Great find! And there are a couple of pages on the alleged theology of _merit in the garden _that alone are worth the price admission.


----------



## SemperEruditio (Nov 13, 2009)

jogri17 said:


> SemperEruditio said:
> 
> 
> > "What Do Presbyterians Believe?" by Gordon Clark is available for free at
> ...



Robbins reading Clark's book is dangerous?

Please tell me what is wrong with Clark's book. It is not helpful to tell me there are some good and some bad and then forget to mention whether the book/mp3's mentioned fall into either category.


----------



## Dearly Bought (Nov 13, 2009)

westminken said:


> You might want to get Sinclair Ferguson's lecture set on CD from wtsbooks.com.



Definitely second this recommendation. Edifying, informative, and I could listen to his voice all day. There's just something about a Scottish accent...

-----Added 11/13/2009 at 03:29:54 EST-----



Ron said:


> Wayne said:
> 
> 
> > Something new: just picked up (and paid for!) a copy of Robert Letham's latest--_The Westminster Assembly: Reading Its Theology in Historical Context_ (P&R, 2009), 399pp.
> ...



Any more info on this?
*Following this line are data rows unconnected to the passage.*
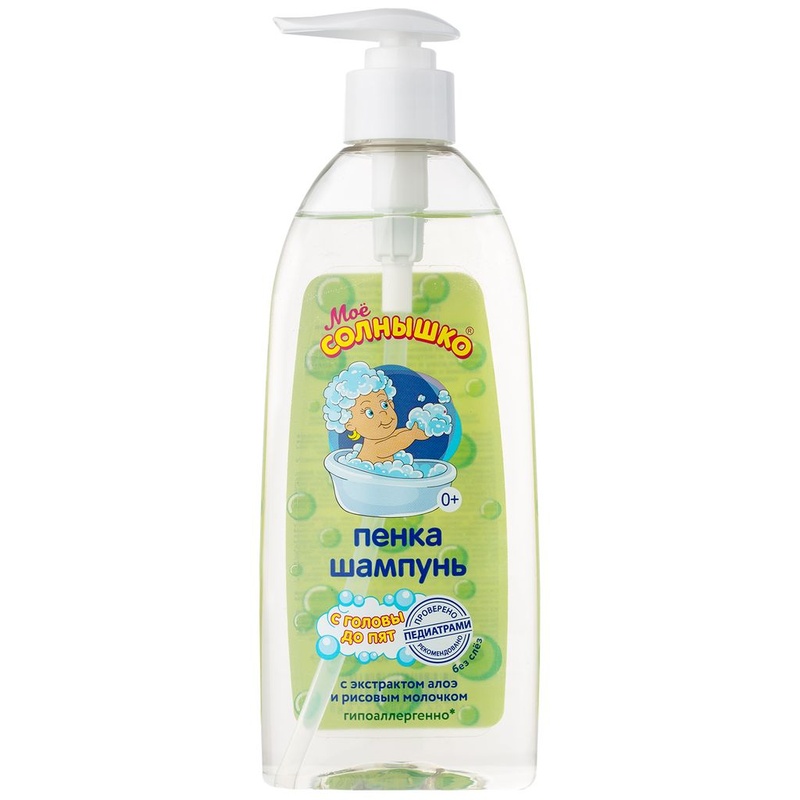 Мое солнышко Пенка-шампунь с головы до пят поможет каждой маме сделать купание ребенка не только приятным, но и полезным с головы до пяточек. Особенности: Безопасный, гипоаллергенный состав бережно очищает волосы и тело ребенка, не сушит кожу. Благодаря мягкой pH- формуле средство не щиплет глазки. Идеально подходит для ежедневного купания как малышей с первых дней жизни, так и детей постарше. Клинически проверено и рекомендовано ФГУ «МНИИ Педиатрии и детской хирургии Минздрава России». Рисовое молочко и экстракт алоэ увлажняют и питают кожу, а волосы делают мягкими и шелковистыми. Способ применения: нанесите ладонью или с помощью губки небольшое количество средства на влажные кожу и волосы малыша, вспеньте нежными массажными движениями и смойте теплой водой. Для создания воздушной пены вспеньте небольшое количество средства рукой или под струей воды.
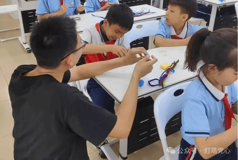 活动当天,学校教室里充满期待的氛围。孩子们早早来到座位上,好奇地打量着课桌上整齐摆放的彩色扭扭棒与各色粘土材料。艾弗森贝博ballbet官网学生第四党支部的志愿者们化身“临时老师”,以热情的笑容和亲切的问候,迅速拉近了与孩子们的距离。
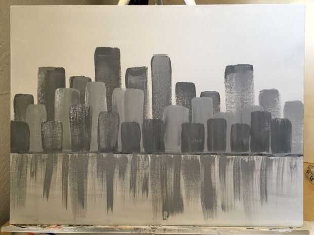 Frote un poco de pintura gris en el pincel y muy ligeramente, el cepillo hacia abajo desde el horizonte, haciendo un reflejo borroso en el agua debajo de los edificios.
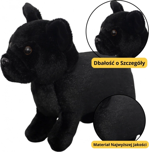 Čierny plyšový psík vyniká svojim milým výrazom tváre, stojacimi uškami a stabilnou konštrukciou, ktorá ho robí realistickým a očarujúcim. Vďaka kompaktným rozmerom sa ľahko zmestí do detských rúk, čo umožňuje jednoduché nosenie, maznanie alebo umiestnenie do postieľky. Je skvelým spoločníkom pri spánku, každodenných hrách či ako dekoratívny prvok v detskej izbe.
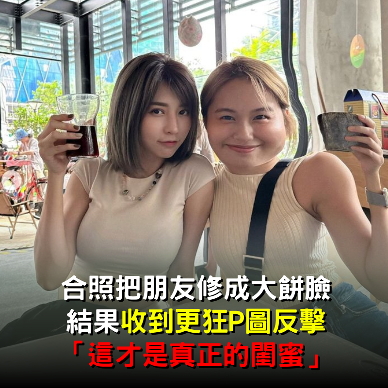 一起互相傷害!她曬照「把閨蜜修成大餅臉」超爆笑 結果「收到更狂P圖反擊」網笑翻:真正的閨蜜
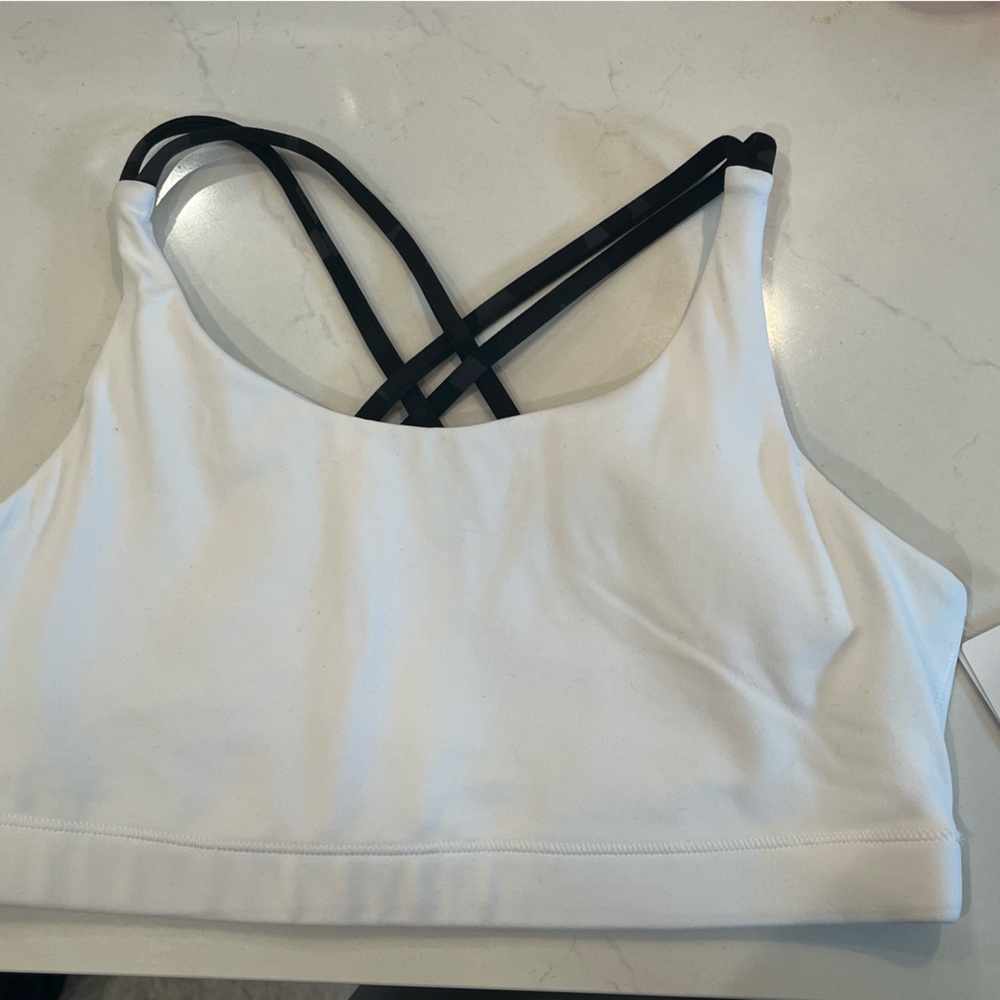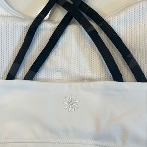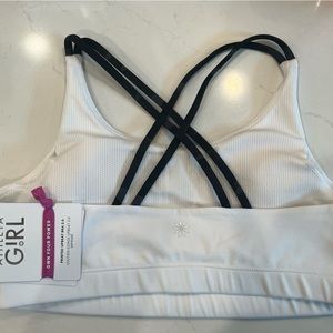 Athleta girl-NWT/printed upbeat bra 2.0/padded white bra with black camo straps/comes with athleta girl hair tie/size YOUTH XXL/16

Am I correct to guess that Kline is critiqued?


----------



## Notthemama1984 (Nov 13, 2009)

The Fergueson can be downloaded from wts.edu. You simply have to sign up for free. 

Westminster Theological Seminary - Audio Archive Sign-up


----------



## Ron (Nov 13, 2009)

Dearly Bought said:


> westminken said:
> 
> 
> > You might want to get Sinclair Ferguson's lecture set on CD from wtsbooks.com.
> ...



Oh yes, Kline is critiqued.

Ron


----------